WHEREAS, Executive is employed by HI in a key executive and
managerial role, and as such has access to strategic and proprietary information
and material that is critical to the value and success of HI, and
WHEREAS, HI is providing access to such strategic and
proprietary information in reliance upon the obligations undertaken by Executive
in this Agreement, and
WHEREAS, HI has provided certain incentives and support to
Executive in connection with Executive's employment, and in consideration
thereof Executive has agreed that all intellectual and other property developed
by Executive during the period of his employment were developed at the request
of and on behalf of HI and remain the property of HI, and
WHEREAS, Executive and HI mutually agree that any disclosure
or unauthorized use of HI strategic and proprietary material will cause grave
harm to HI,
NOW THEREFORE, in consideration of the continued employment of
Executive by HI, the mutual promises herein contained, and other good and
valuable consideration, the receipt of which is hereby acknowledged, the parties
agree as follows:
1. CONFIDENTIAL INFORMATION. During the course of his
employment, Executive may have access to, develop, or otherwise be exposed to or
aware of any and all information and material proprietary to HI or not generally
known or available to the public in which HI has any interest or rights now or
in the future including without limitation HI's business strategies, customer
lists, supplier lists, partners, agreement terms, pricing, databases, products,
designs, processes, systems, methods; trade secrets, know-how, data, technical
plans, drawings, information, inventions, formulas, technology and anything else
that might be construed as proprietary or confidential in nature (the
"CONFIDENTIAL INFORMATION"). The Confidential Information shall not include
information and material (i) publicly available through no action by the
undersigned, (ii) released by HI with a written waiver of confidentiality, (iii)
lawfully obtained from third parties, or (iv) previously known or developed by
third parties independently of HI and Executive provided that such knowledge or
development can be independently substantiated.

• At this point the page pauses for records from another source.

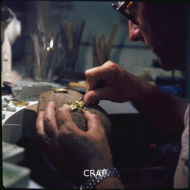Ritratto di Sergio Mazzola mentre esegue lavori di oreficeria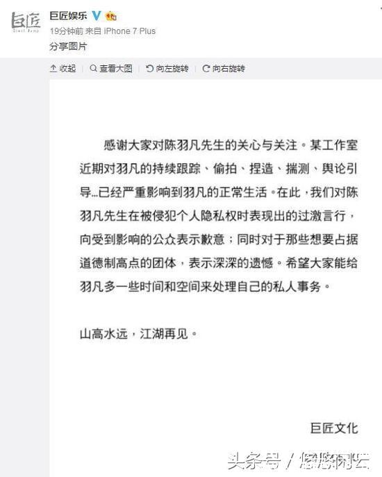 有人就为陈羽凡砸狗仔车窗叫好,甚至觉得被打死都不亏!之后俩人也互相道歉,原本事情就此结束也就罢了,谁知道后面竟然狗仔报警,还说和陈陈羽凡偶遇!这尼玛就尴尬了:你不去招惹陈羽凡,他能平白无故的知道哪辆是狗仔的车啊?于是也被网友觉得狗仔就是典型的恶人先告状啊!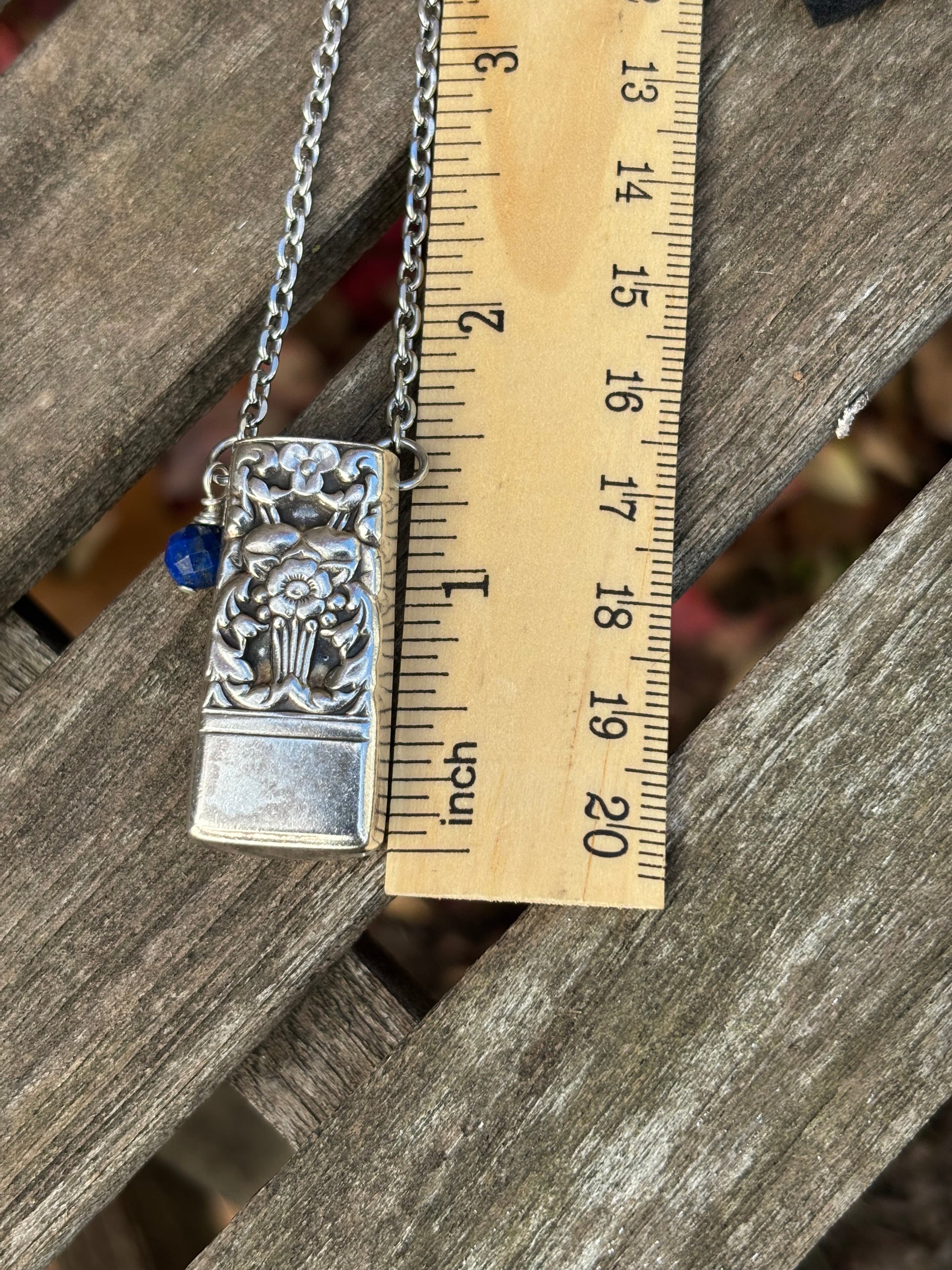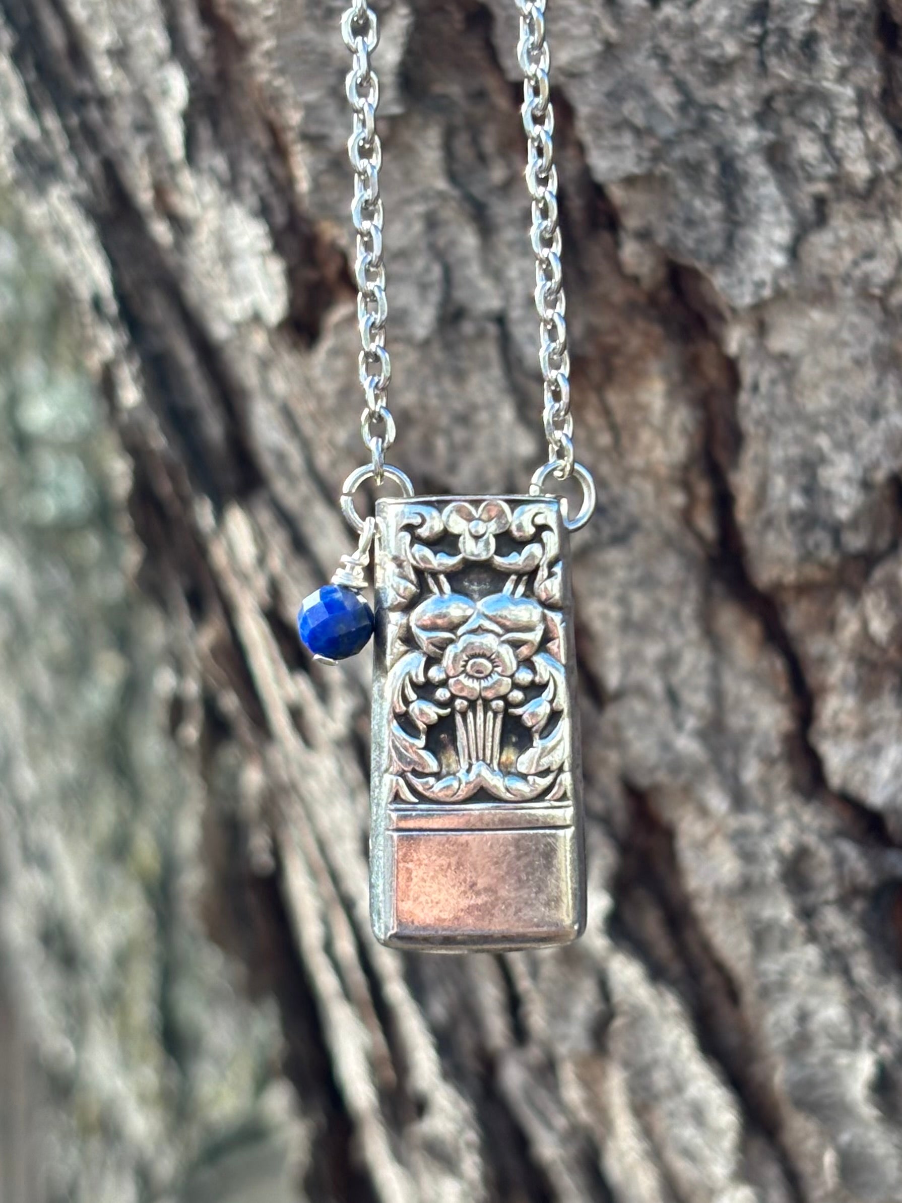 Up-Cycled Vintage Silverware Essential Oil Diffuser Pendant with Lapis Crystal

2. CONFIDENTIALITY OBLIGATION. The Executive recognizes that
the Confidential Information must be kept strictly confidential. During and
after termination of Executive's employment by HI, Executive agrees:
a) to take every reasonable precaution to safeguard and treat the
Confidential Information as confidential;
b) not to disclose the Confidential Information to any third
party except as part and in furtherance of the business of HI;
c) not to use the Confidential Information for any purpose other
than for the purpose for which such Confidential Information
has been disclosed to the undersigned;
d) not to disclose or use the Confidential Information in any
manner that would not be in furtherance of the interests of
HI.
3. OWNERSHIP OF INTELLECTUAL PROPERTY. During the term of
Executive's employment with HI, Executive may develop, invent, or create, or be
involved in the development, invention, or creation of, proprietary material,
methods, intellectual property, inventions, or technology including without
limitation items or materials that may be patentable. Executive hereby agrees
that all such materials, methods, intellectual property, inventions, and
technology are developed on behalf of HI and in the course of Executive's
employment by HI, and that HI shall be the sole and exclusive owner thereof and
shall have all proprietary rights therein. Executive agrees to execute and
deliver any assignments, licenses, or other agreements necessary or desirable
from time to time to give HI the full benefit of such ownership.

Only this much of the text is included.